* _Information supplied_
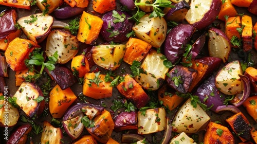 A sheet pan of roasted root vegetables drizzled with avocado oil and tossed with savory herbs.
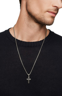 Men's Deco Cross Pendant in Silver, 27mm
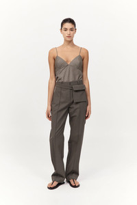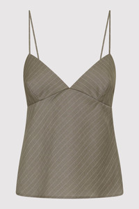 Cut on the bias for a naturally flattering drape, the Bias Cami features a V-neckline, delicate rouleau straps, bust darts and an underbust panel for subtle shaping. A center-back keyhole with button closure adds a refined touch, perfect for effortless warm-weather dressing. DETAILS Materials - 73% Polyester - 21% Lyocell - 5% Linen - 1% Rayon Garment Details - 7/8 length, v-neckline, sleeveless, rouleau straps, bust darts, hip seam detail, side seam invisible zip, asymmetric hem, unlined Manufacturing - SGS Social Audit - Manufacturer has signed the St. Agni Code of Conduct - Responsibly made in China CARE - Cool hand wash - Wash with similar colours - Do not bleach - Do not tumble dry - Cool iron under cloth - Dry cleaning recommended

* _What the task asks_
Word for word, restate the whole listing and drop the images.

* _Solution for this task_
 A sheet pan of roasted root vegetables drizzled with avocado oil and tossed with savory herbs.
 Men's Deco Cross Pendant in Silver, 27mm
 Cut on the bias for a naturally flattering drape, the Bias Cami features a V-neckline, delicate rouleau straps, bust darts and an underbust panel for subtle shaping. A center-back keyhole with button closure adds a refined touch, perfect for effortless warm-weather dressing. DETAILS Materials - 73% Polyester - 21% Lyocell - 5% Linen - 1% Rayon Garment Details - 7/8 length, v-neckline, sleeveless, rouleau straps, bust darts, hip seam detail, side seam invisible zip, asymmetric hem, unlined Manufacturing - SGS Social Audit - Manufacturer has signed the St. Agni Code of Conduct - Responsibly made in China CARE - Cool hand wash - Wash with similar colours - Do not bleach - Do not tumble dry - Cool iron under cloth - Dry cleaning recommended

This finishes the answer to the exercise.